HHH does abort though and returns 1 to DD.

*This is Claude AI summarizing my rebuttal of Ben's words* >>>>>>>>>>
The philosophical point: A Turing machine decider should only be >>>>>>>>>>> expected to report on properties determinable from its input. >>>>>>>>>>> When the
halting problem construction makes the "actual behavior" >>>>>>>>>>> dependent on the decider's output, it's asking the decider to >>>>>>>>>>> report on
something outside its input - hence, a category error.

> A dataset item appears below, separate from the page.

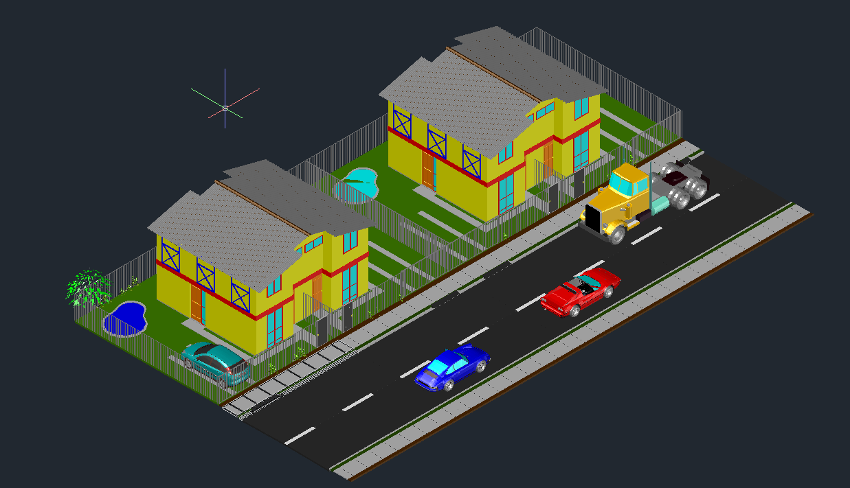 This autocad drawing shows a semi detached dwelling with its elevation.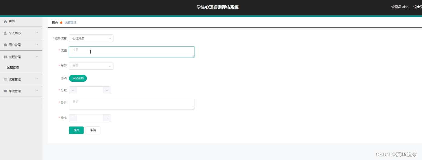 这次开发的学生心理咨询评估系统有管理员和用户。管理员可以管理个人中心,用户管理,试题管理,试卷管理,考试管理等。用户参加考试。。经过前面自己查阅的网络知识,加上自己在学校课堂上学习的知识,决定开发系统选择B/S模式这种高效率的模式完成系统功能开发。这种模式让操作员基于浏览器的方式进行网站访问,采用的主流的Java语言这种面向对象的语言进行学生心理咨询评估系统程序的开发,后台采用Spring Boot框架,在数据库的选择上面,选择功能强大的MySQL数据库进行数据的存放操作。

And you think it’s impossible to programmatically determine >>>>>>>>>> that DD halts?
*Every* single program is decidable.

To determine that DD halts is not merely possible but easy. >>>>>>>>> Just simulate
it until it halts (which doesn't take a long time) and there it >>>>>>>>> is. The
same with any other camputaion that halts, though the time to >>>>>>>>> find out
may be linger.

int D()
{
   int Halt_Status = H(D);
   if (Halt_Status)
     HERE: goto HERE;
   return Halt_Status;
}

H simulates D
that calls H(D) to simulate D
that calls H(D) to simulate D
that calls H(D) to simulate D
that calls H(D) to simulate D
that calls H(D) to simulate D
until H sees this repeating pattern.

And what happens if it sees?

D simulated by H according to the semantics
of the C programming language until H correctly
determines that its simulated D cannot possibly
reach its own simulated "return" statement
correctly rejects D on this basis not some other
basis.

This is possible except the word "correctly". But that is not the
last thing that happens. Then H returns zero to its caller, which
in this case is D, and D returns the zero to the program that
called D. Because D halts the rejection by H is not correct, and
therefore we can observe that H is not a halt decider.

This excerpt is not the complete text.